44. On November 14, 2012, MHR filed an amended Form 10-Q restating its June 30, 2012 financial statements to correct a material error related to stock-based compensation and certain other errors. MHR disclosed that management concluded that material weaknesses existed as of June 30, 2012 related to (i) a lack of sufficient, qualified personnel to design and manage an effective control environment; (ii) MHR’s period-end financial reporting process; and (iii) controls over calculation and review of share-based compensation expense. MHR also disclosed management’s plans to remediate and improve the company’s ICFR and disclosure controls and procedures.
45. Before restating, MHR’s Audit Committee met on October 19, 2012 to understand how the company had materially understated option based compensation expense in the second quarter. Ormand reported that the person responsible for reviewing the calculation signed off without reviewing it. Also at that meeting, Gray “restated that the root cause [of the error] was inadequate and inappropriately aligned staffing of the accounting department.”
b. MHR’s Disclosed Material Weaknesses in its September 30, 2012 Form 10-Q.
46. On November 13, 2012, MHR’s Audit Committee met and approved the company’s Form 10-Q for the third quarter-ended September 30, 2012. That filing disclosed the same three material weaknesses existed at September 30, 2012 that had been disclosed in MHR’s amended June 30, 2012 Form 10-Q.
c. MHR Delinquently Files its 2012 Form 10-K and Discloses Material Weaknesses.
47. MHR delinquently filed its 2012 Form 10-K on June 14, 2013. In it, MHR disclosed fourteen material weaknesses as of December 31, 2012, including that “[i]n certain areas the Company did not have sufficient personnel with an appropriate level of knowledge, experience and training commensurate with the growth of the Company’s corporate structure and financial reporting requirements” and not upgrading “resources around internal audit, tax, financial reporting and certain accounting areas.”
48. MHR’s internal analysis of the material weaknesses posed by its understaffed accounting department, as disclosed in its 2012 Form 10-K, recognized that the “significant deficiency identified at year-end 2011 does not appear[] to be remediated. Personnel do not appear to have the competence and training necessary for their assigned level of responsibility.”
v. MHR Remediates Inadequate and Inappropriately Aligned Staffing in the Third Quarter 2013
49. On November 8, 2013, MHR filed its Form 10-Q for the quarter-ended September 30, 2013. While concluding that the Company’s ICFR was not effective as of September 30, 2013, management concluded that the material weakness that existed at quarter-end concerning accounting staff inadequacies had subsequently been remediated.
D. VIOLATIONS
i. MHR Violated Sections 13(a), 13(b)(2)(A), and 13(b)(2)(B) of the Exchange Act and Rules 13a-1, 13a-13, and 13a-15(a) thereunder.

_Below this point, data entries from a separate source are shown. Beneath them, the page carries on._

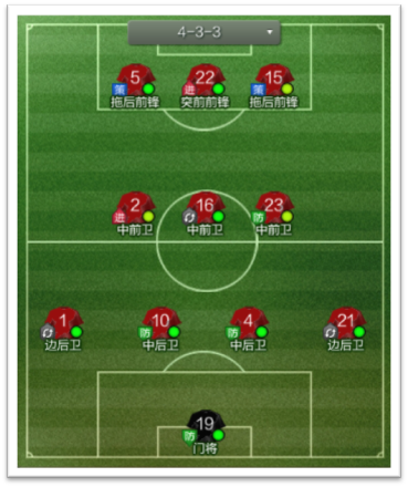 优点:最为激进的一种打法,将注意力全部集中在前场,三名前锋在数量上本身就多,加上中场的两名前腰的配合,经常打出大比分。
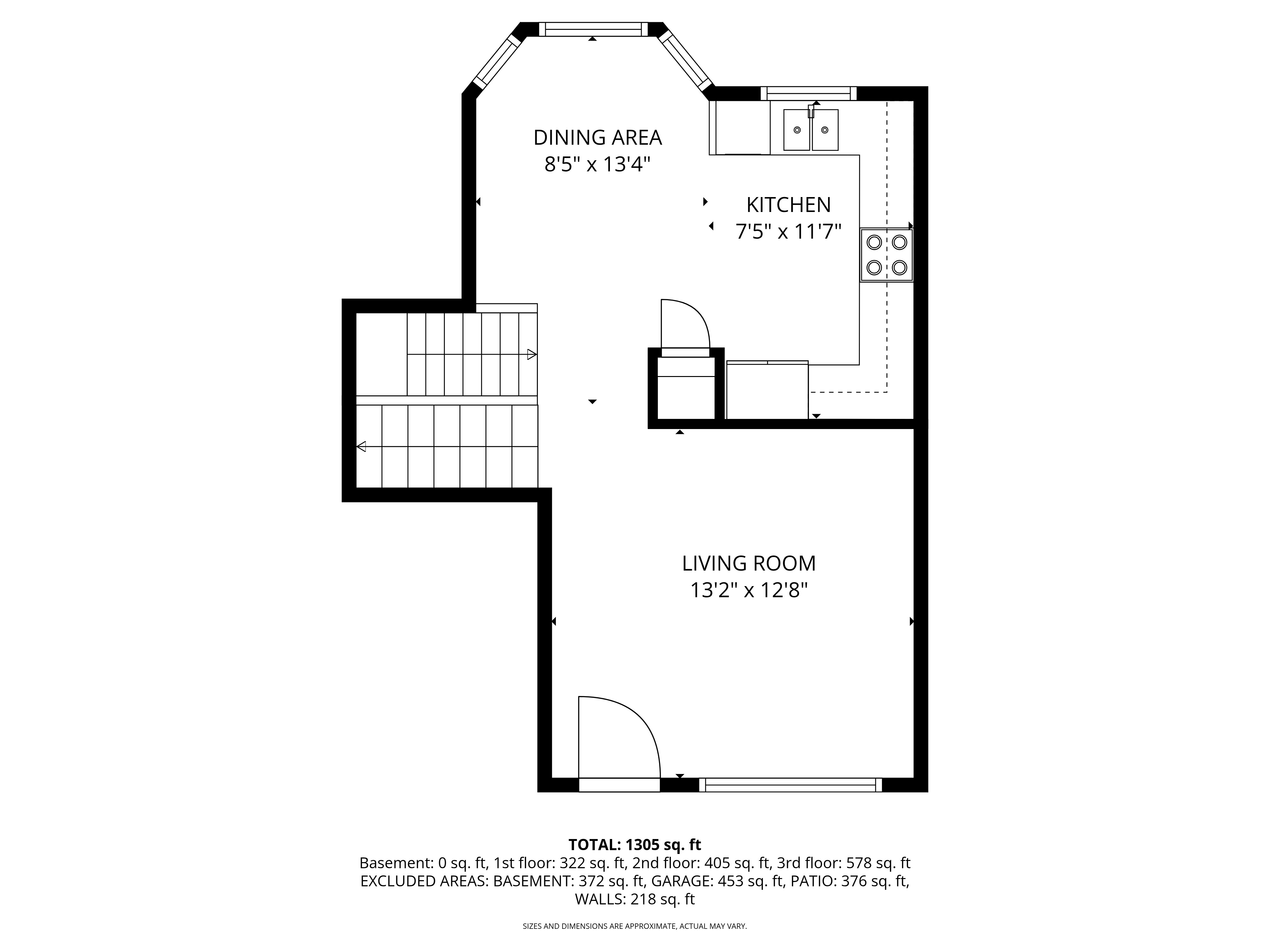 建筑面积 : 1,382 ft² / 128 m²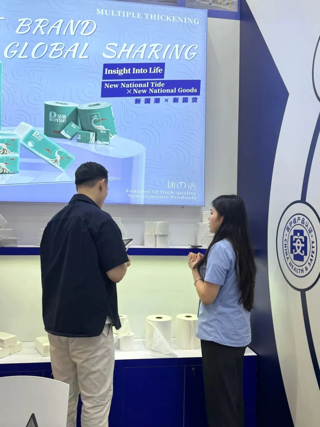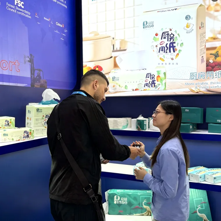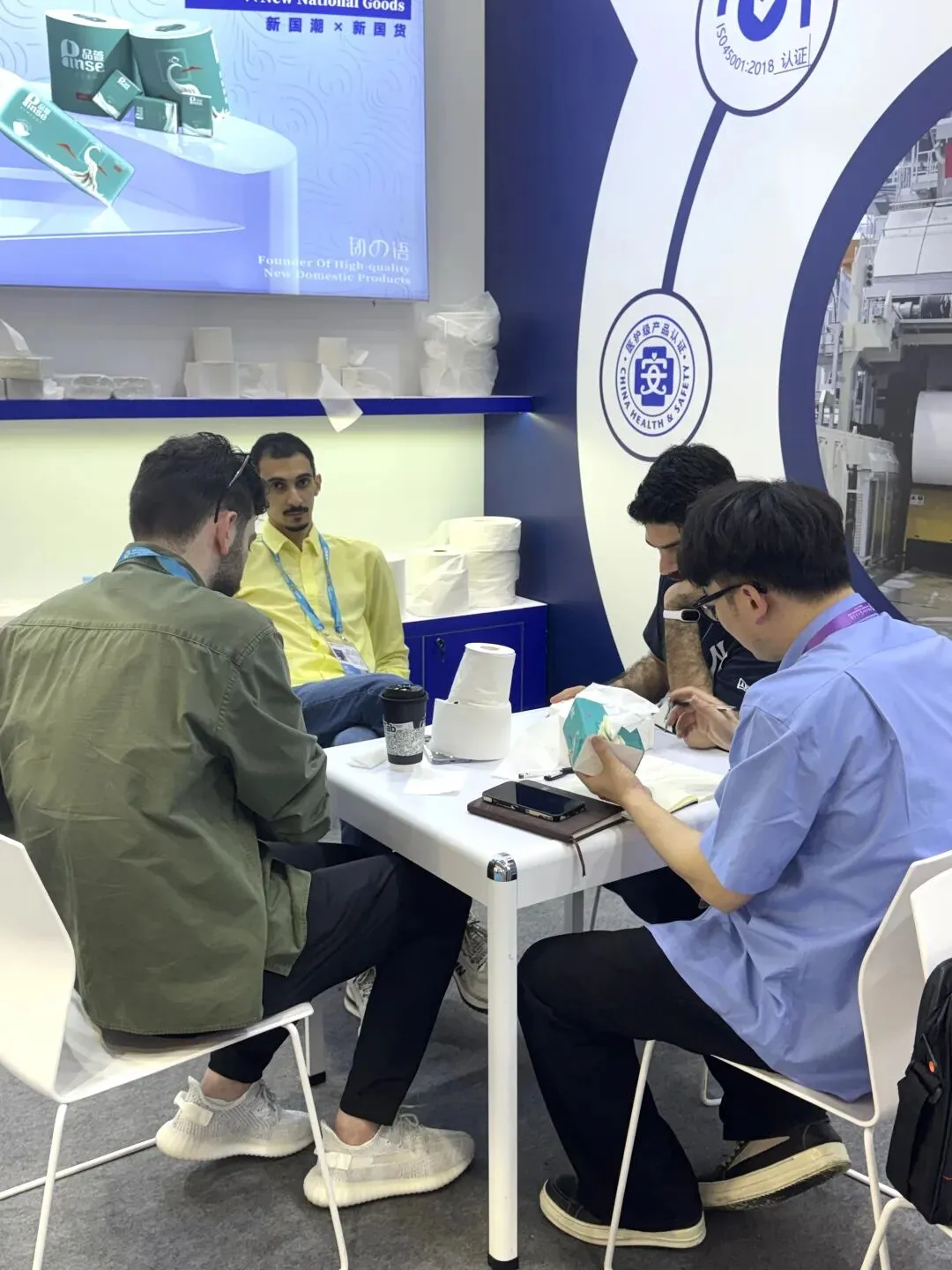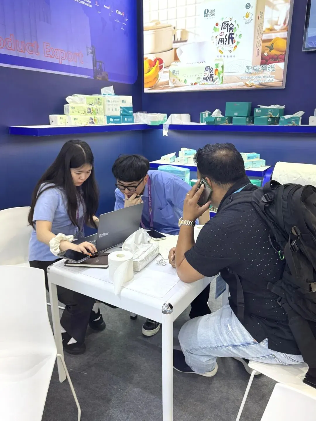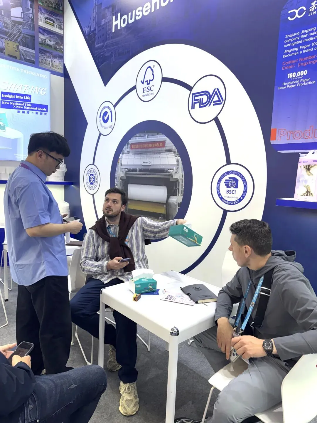 此次参展的生活用纸系列产品,均经严苛质检与国际环保认证,契合欧美、东南亚、中东等市场标准,尽显企业循环经济与可持续发展的创新成果。业务团队以专业热忱,向全球展示产品工艺与环保亮点,景兴展位人气高涨,境外采购商接踵而至,咨询洽谈火热,产品环保与品质广获认可。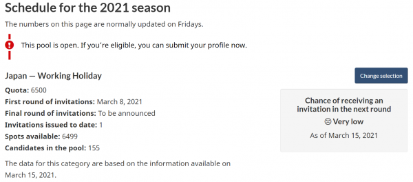 3月1日のブログ「3月になりました 」でも書きましたが、カナダワーホリビザ2021年度の募集がスタートしました。
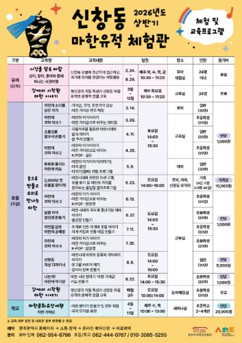 유아 대상 단체 프로그램으로는 ▲신창동 유물에 친근하게 접근할 수 있는 ‘시간을 담은 바람-신이·창이·동이와 함께 떠나는 시간여행’ ▲영산강 지질 특성을 신창동 마을 유적과 연결해 배울 수 있는 ‘강에서 시작된 마한 이야기’를 운영한다.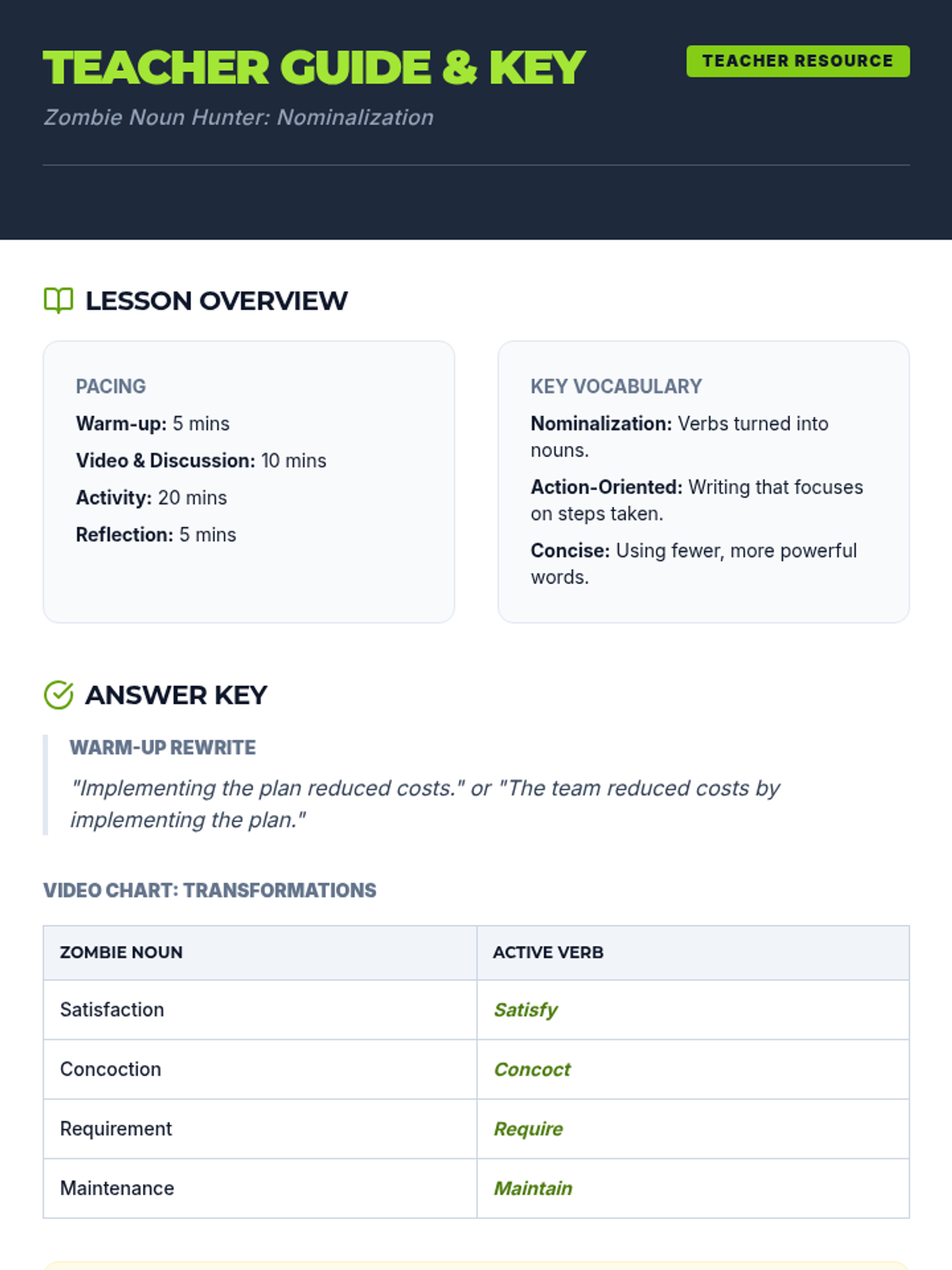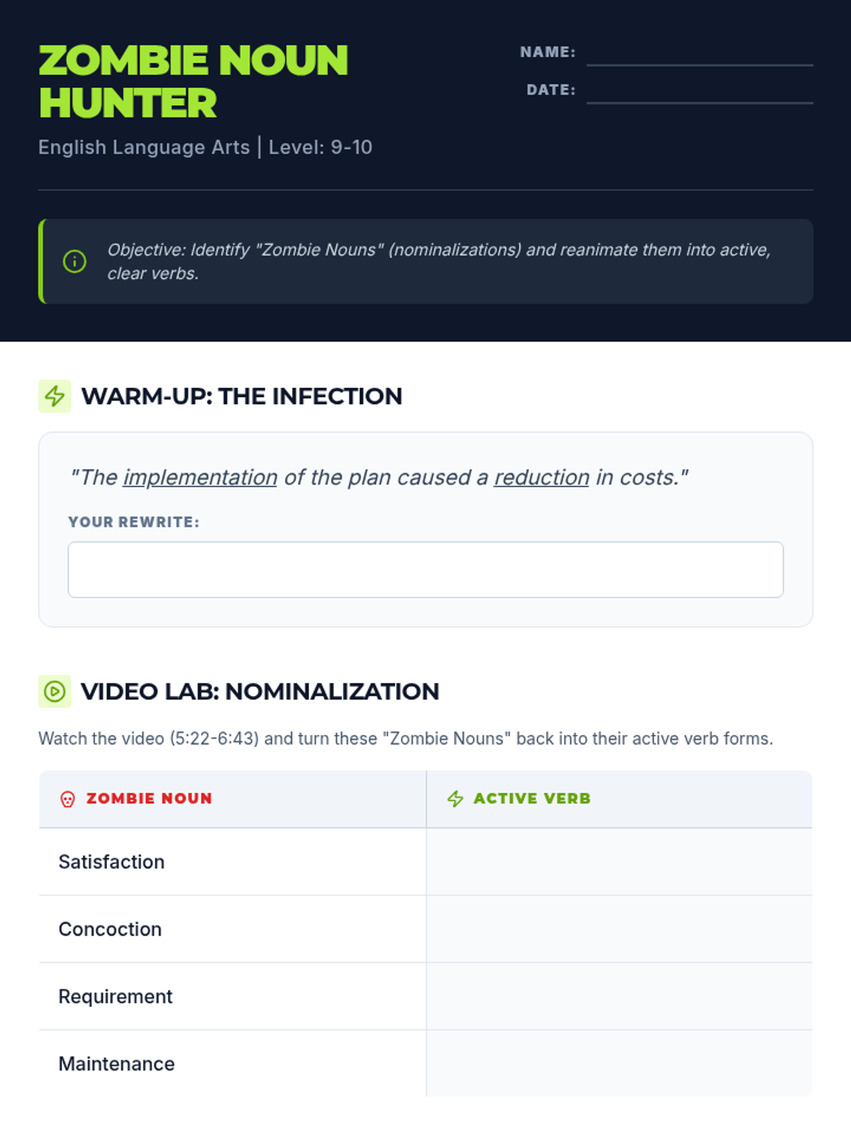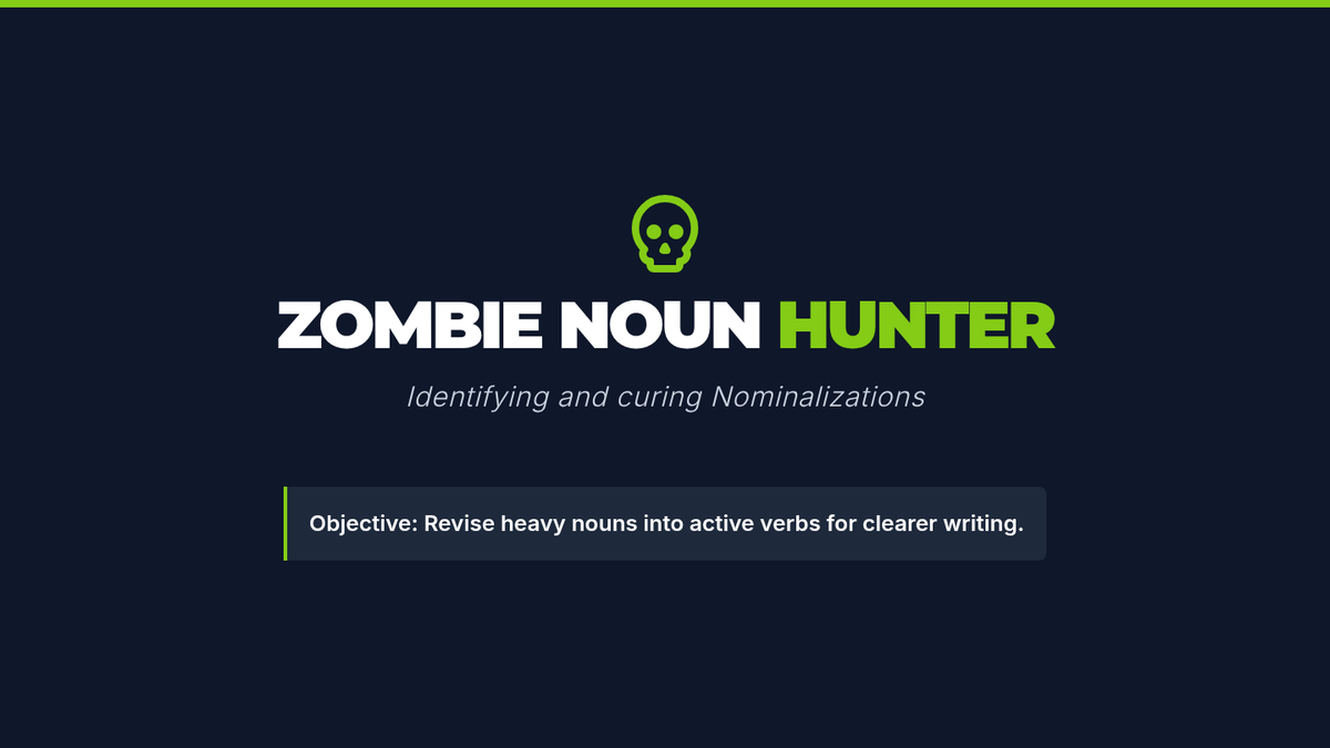 Students learn to identify and eliminate 'Zombie Nouns' (nominalizations) to make their writing more active and concise. The lesson includes a video-based discussion and a 'Nominalization Hunt' activity using a corporate memo.

50. As a result of the conduct described above, MHR violated Section 13(b)(2)(A) of the Exchange Act, which requires Section 12 registrants to make and keep books, records, and accounts, which in reasonable detail, accurately and fairly reflect the transactions and dispositions of the assets of the issuer, and Section 13(b)(2)(B) of the Exchange Act, which requires Section 12 registrants to devise and maintain a system of sufficient internal accounting controls.
51. As a result of the conduct described above, MHR violated Section 13(a) of the Exchange Act and Rules 13a-1 and 13a-13, thereunder, which require issuers with classes of securities registered pursuant to Section 12 to file periodic and other reports with the Commission and Rule 13a-15(a) which requires issuers to maintain ICFR.
IV.
In view of the foregoing, the Commission deems it appropriate to impose the sanctions agreed to in Respondent’s Offer.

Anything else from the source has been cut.